# wild camping holland



## firewood (Mar 17, 2009)

we are going to holland but not sure on the wild camping .has any one done this is it safe to do it .
we wild camp when ever possible or use airies .
we are going over on friday the 24th from dover to calais.
also if you know any places that we should visit on the way please let us know.


----------



## peedee (May 10, 2005)

I think you will find it is illegal in the Nertherlands. 

peedee


----------



## Boff (May 10, 2005)

Hi!



firewood said:


> we are going to holland but not sure on the wild camping .has any one done this is it safe to do it .


It is illegal, and the local authorities are rather quick and efficient at fining anyone who does it nevertheless. Expect fines in the order of magnitude of about EUR 100 per night.

There is however an increasing number of aire-like places, on which you may legally spend at least one night. In my opinion the best web page about Dutch aires is CamperContact.nl. Besides these places, it is legal to stay up to 24 hours on motorway service areas, but these are not safe at all.

Best Regards,
Gerhard


----------



## foll-de-roll (Oct 29, 2007)

Hi


And what do the Dutch do? They go and Wildcamp in every other Country.

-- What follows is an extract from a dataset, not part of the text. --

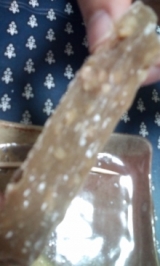★せっかくブログを始めたので主婦の好奇心を発揮してモニターしてみるよ★11010438656html">モニター第52弾 今回試させていただいたのがこちら 和菓子と甘味 茶丈藤村 カシューナッツ入り黒糖もち「寺辺もち5個入り」 先週は4日間ほど実家に帰っていました 戻ってみたら届いてましたよ、ぷつぷつナッツ入り黒糖もち 雨の中、移動で疲れた身体にこれは嬉しい! ご丁寧に「室温1625℃にて1時間くらい経ってからお召し上がり下さい」と 自分で受け取ってないので微妙な所だけど…たぶん、ベストな状態で頂きました 渋い緑茶を淹れて…ほらぁこのぷにぷに感ぎゅーっっと伸びます (ピント合ってないですね) つきたてお餅というわけではなく、上品な甘さになんというかコシのある柔らかさの求肥 和菓子にカシューナッツってどうかなぁ?ってちょっと思っていたのだけど、 ピーナッツやアーモンドのようにカリカリ過ぎず、奥歯で軽くぷちぷち潰れるカシューナッツが香ばしい ちょっと物足りない?って思うような軽い甘さでも、ひとつふたつと手が伸びる、危険な美味しさです これは子供も大人もお年寄りも好きなんじゃないかなぁ 最初に頂いた時は緑茶で残りはコーヒーで頂きました お茶だけじゃなくコーヒーにも合いますよぉ 寒い季節、熱いお茶を飲みながらほっこり出来る優しいお菓子ですおススメ! 茶丈 藤村 【こまめな小豆】ファンサイト応援中 続きを見る

And what's more , they think they have a right to.



Andy :roll: :roll: :roll:


----------



## teemyob (Nov 22, 2005)

*Wild*

Error


----------



## teemyob (Nov 22, 2005)

*Wild*

error


----------



## teemyob (Nov 22, 2005)

*Wild*



foll-de-roll said:


> Hi
> 
> And what do the Dutch do? They go and Wildcamp in every other Country.
> 
> ...


How very true!

I saw some folk with a Dutch registered caravan on the roadside next to 4 campsites. A couple of small motorhomes had pulled over and parked for the day. The Dutch Caravaners were erecting a full awning, chairs out, table umbrella, the monty.

TM


----------



## pieterv (Feb 3, 2009)

I read on a Dutch website that the law has just been changed, and wild camping is legal now, unless specifically forbidden at a specific location.


----------



## Boff (May 10, 2005)

pieterv said:


> I read on a Dutch website that the law has just been changed, and wild camping is legal now, unless specifically forbidden at a specific location.


In theory you are right, the nationwide law against wild camping was abolished already end of 2007.

However, when the law was abolished it was left to the discretion of the local councils how to deal with it. And meanwhile they have *all* adapted their local bye-laws in a way that wild camping is forbidden again. The last local council to do that was Reimerswaal in November 2009.

So in reality wild camping in NL is now as illegal again as it was before 2008.

Best Regards,
Gerhard


----------



## pieterv (Feb 3, 2009)

Boff said:


> pieterv said:
> 
> 
> > I read on a Dutch website that the law has just been changed, and wild camping is legal now, unless specifically forbidden at a specific location.
> ...


Ah, didn't know that. Thanks for clarifying.


----------



## firewood (Mar 17, 2009)

thanks to you all for your replys


----------